What was the approach in selecting artists for this exhibition? 

In this case, it started with rather abstract research; I sensed where I wanted it to lead, and finding the right tune for dialogue became the basis for it. Basically, it was a trip – a mental and physical trip full of special encounters which, at first, seemed to belong to totally different contexts, but then, over time, it started to form a complete picture of different approaches to the same issue. 

A few years ago, Cyprien Gaillard visited Estonia and we went on a road trip in which we visited “tunes” and weird locations in forgotten places; and this became one of the starting points for the show. From then on, various fragments started to gather together – talking with David Ferrando Giraut about his research and his new film; listening to some concepts that Paul Kuimet was developing; walking to deAtleiers and seeing a beautiful piece by Simon van Til; meeting Ragnar Helgi Ólafsson and having a really great discussion; everlasting love for Elmgreen & Dragset's witty transmutations; crazy ideas by Kaisa Eiche & Urmo Mets; an inspirational conversation with Triin Tamm and her experiments; uncanny film works by Salla Tykkä; the sounds of Minerva; the depth of Farkas; thinking about the amazing works of Anu Vahtra and just simply wanting to see more of them. So, it was a collection of different encounters happening in different ways; sometimes starting from a specific work, sometimes from having open discussions. 

I think that all of the participating artists have a really high sensibility and openness – one could almost say they have a fragility about them. 

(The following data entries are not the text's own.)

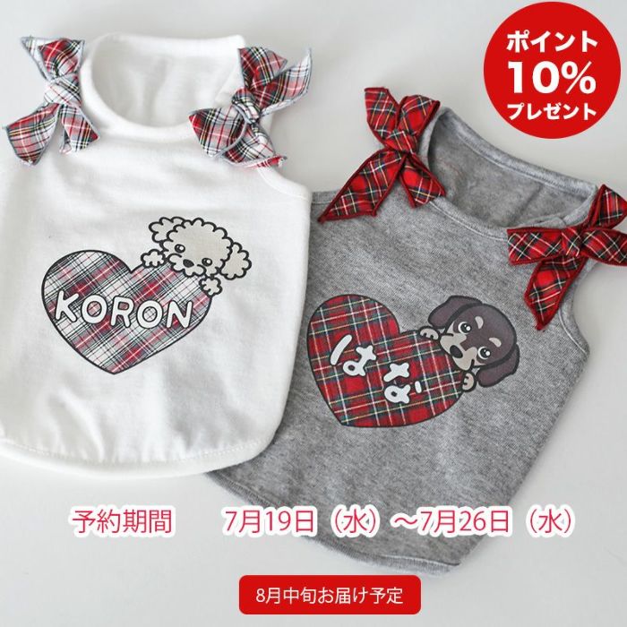 タータンチェックハートと71種類の犬種プリント。肩のリボンもかわいい、お名前ラブタンクです。ボディーカラーをホワイトとグレーから選び、チェックのカラーをホワイトレッドとレッドの2種類からお選びください。季節問わず着れてお気に入りの1着になるでしょう。
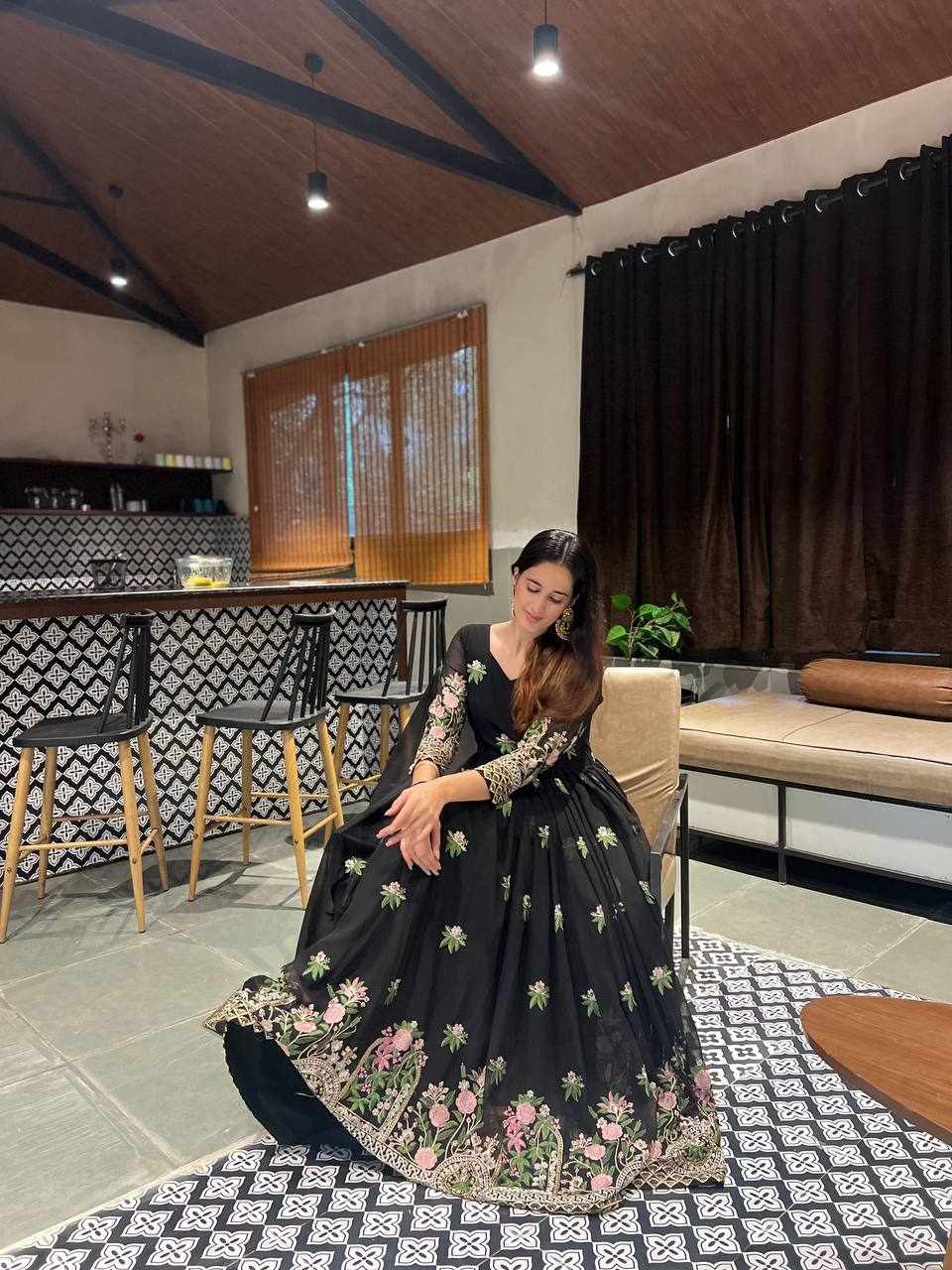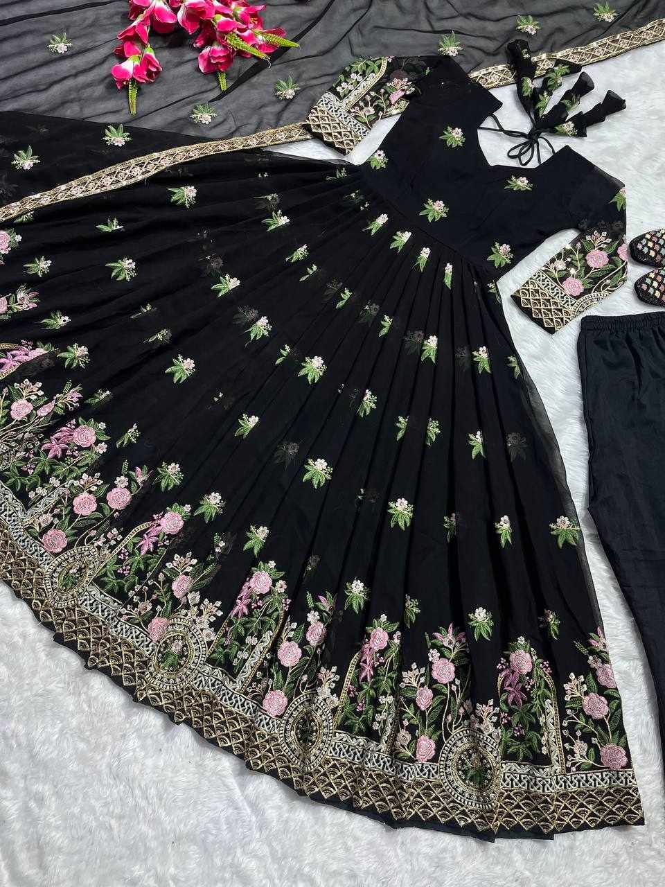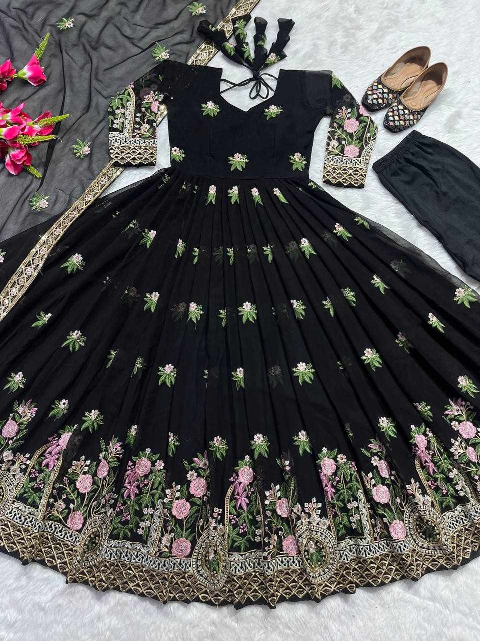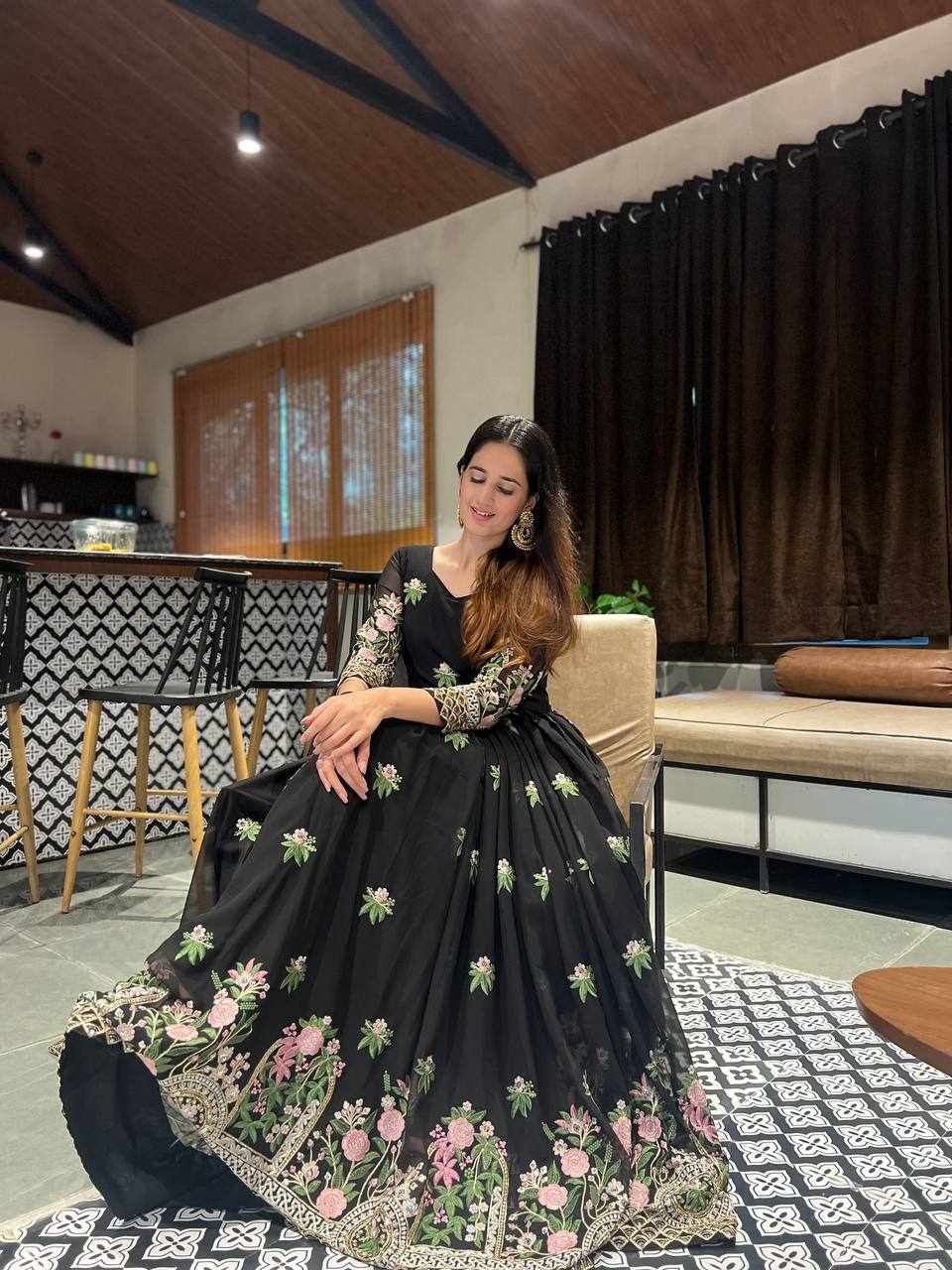 GOWN FABRIC: FOX GEORGETTE WITH EMBROIDERY WORK WITH FULL SLEEVES
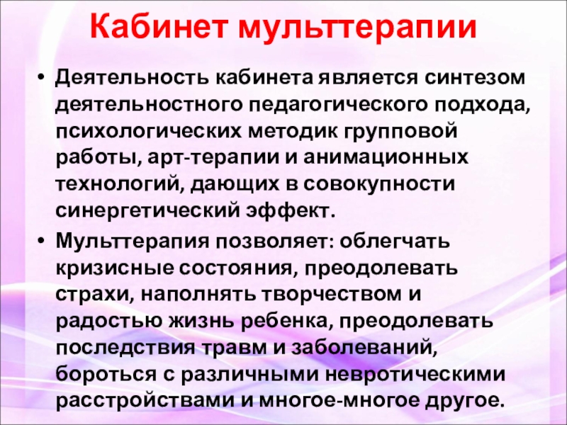 Деятельность кабинета является синтезом деятельностного педагогического подхода, психологических методик групповой

This exhibition has lots of entry points, and each artist clearly has his or her own vision, but all of the works are so strongly in dialogue with each other that they almost become as words in one and the same poem.

I always have been interested in creating new modes between already existing works and new productions. It is really inspiring and intriguing to create new contexts and narratives with works form different time frames. Paul Kuimet and Dénes Farkas, with their new productions, have really strayed away from what they usually do, and it is so exciting – it is like entering some unknown phase. And at the same time, Mare Vint’s drawings and lithographies from the seventies and eighties being in a dialogue with Gaillard's video work, is just so exciting for me.

Could you please tell us about the way in which the exhibition is arranged?

It is played out throughout the three floors of the Tartu Art Museum as separate chapters of the same book, but not necessarily following each other.

The first floor focuses more on the archeological method and approach, the second floor strips down the museum itself and reveals what it consist of, and the upper floor is sort of a final letting-go and a dissolving back into nature..to art.. the epilogue. Becoming. 

Along with the exhibition, there is a publication consisting of visual essays, poems, a novel, and thought fragments in which the protagonist is the leaning house. 

Could you please sketch out the exhibition’s unified feeling? 

Fragmented and complete. Ephemeral and present, but nevertheless, it is not full of contradictions.

I sense a sort of poetry in the exhibited works; they provide many entry points. The viewer is invited to travel into the museum-scape and to strip it down.

At the moment, I think it feels like a late summer breeze that carries both freedom and melancholy with it; but now I'm sounding too romantic, and also, tomorrow I might think in a totally different way and see it as a calculated deconstruction of walls, floors, ceilings, and layers of visual representation. Nevertheless, each time I enter it, I travel.